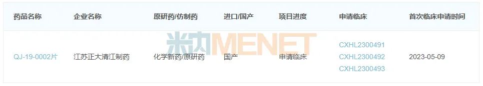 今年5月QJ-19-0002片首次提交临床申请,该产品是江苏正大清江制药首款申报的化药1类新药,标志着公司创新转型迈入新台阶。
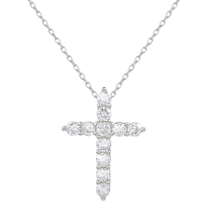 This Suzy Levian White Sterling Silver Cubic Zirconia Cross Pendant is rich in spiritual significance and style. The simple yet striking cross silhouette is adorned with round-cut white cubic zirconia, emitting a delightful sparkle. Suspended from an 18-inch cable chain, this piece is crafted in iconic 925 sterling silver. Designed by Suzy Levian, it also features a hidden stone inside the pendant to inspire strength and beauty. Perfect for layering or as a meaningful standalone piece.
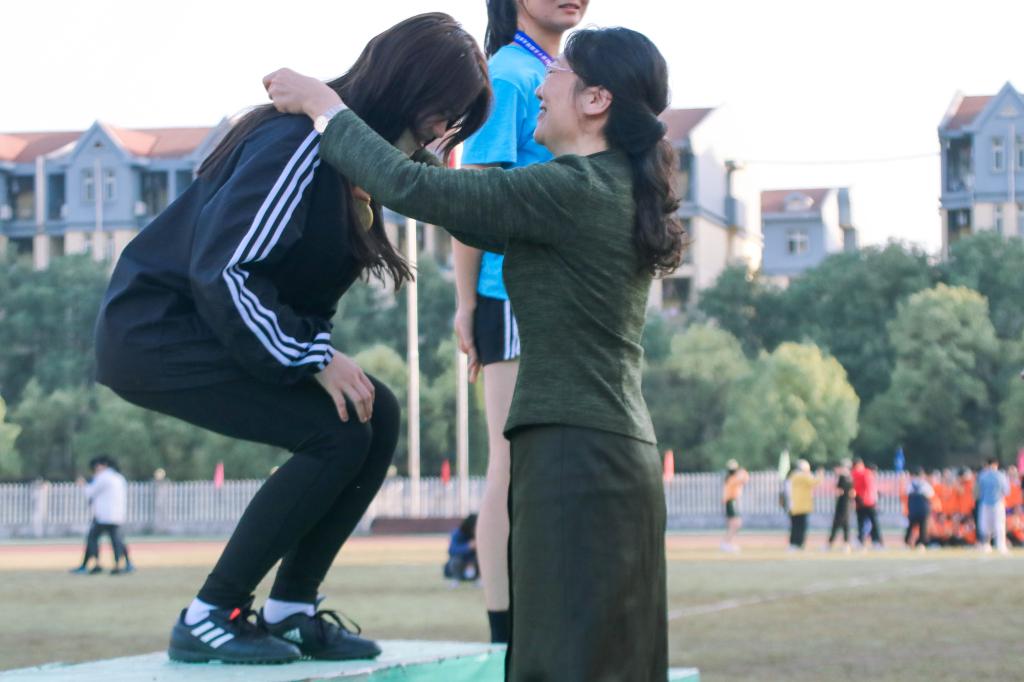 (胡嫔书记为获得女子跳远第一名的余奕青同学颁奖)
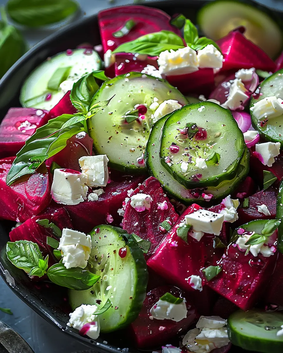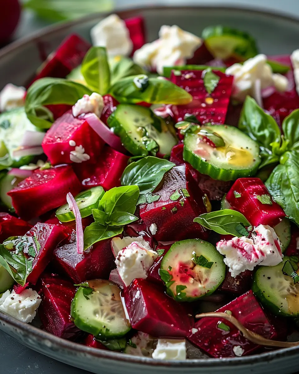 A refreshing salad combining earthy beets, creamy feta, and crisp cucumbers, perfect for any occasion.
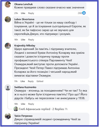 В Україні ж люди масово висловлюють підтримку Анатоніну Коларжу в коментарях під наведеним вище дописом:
____
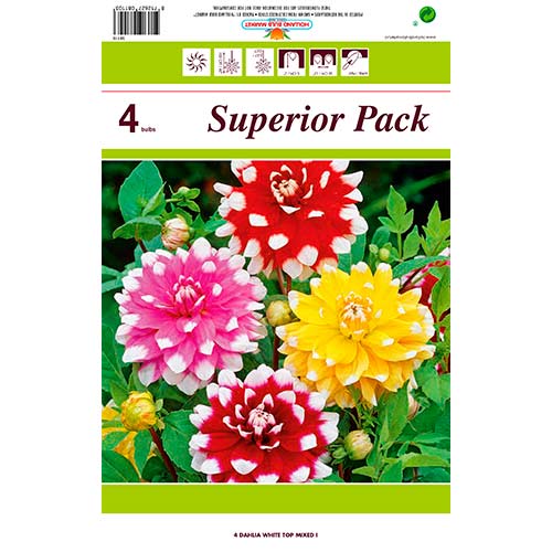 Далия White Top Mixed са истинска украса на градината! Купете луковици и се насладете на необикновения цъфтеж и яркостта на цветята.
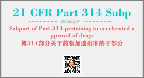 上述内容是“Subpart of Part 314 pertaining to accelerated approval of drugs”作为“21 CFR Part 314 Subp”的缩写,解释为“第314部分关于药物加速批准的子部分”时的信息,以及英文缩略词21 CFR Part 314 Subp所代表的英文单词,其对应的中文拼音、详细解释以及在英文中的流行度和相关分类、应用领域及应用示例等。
____
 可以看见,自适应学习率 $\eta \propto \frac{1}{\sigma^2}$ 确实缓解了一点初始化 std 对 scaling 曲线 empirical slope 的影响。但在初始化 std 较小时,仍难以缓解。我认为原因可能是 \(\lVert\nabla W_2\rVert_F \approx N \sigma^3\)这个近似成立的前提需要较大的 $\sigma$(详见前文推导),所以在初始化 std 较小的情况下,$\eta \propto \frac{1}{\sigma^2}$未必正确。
____
■ Problem to work on ■
From the records above, copy only the lines running from the line holding "A refreshing salad" through the line holding "В Україні ж", with no pictures.

■ Your response ■
 A refreshing salad combining earthy beets, creamy feta, and crisp cucumbers, perfect for any occasion.
 В Україні ж люди масово висловлюють підтримку Анатоніну Коларжу в коментарях під наведеним вище дописом:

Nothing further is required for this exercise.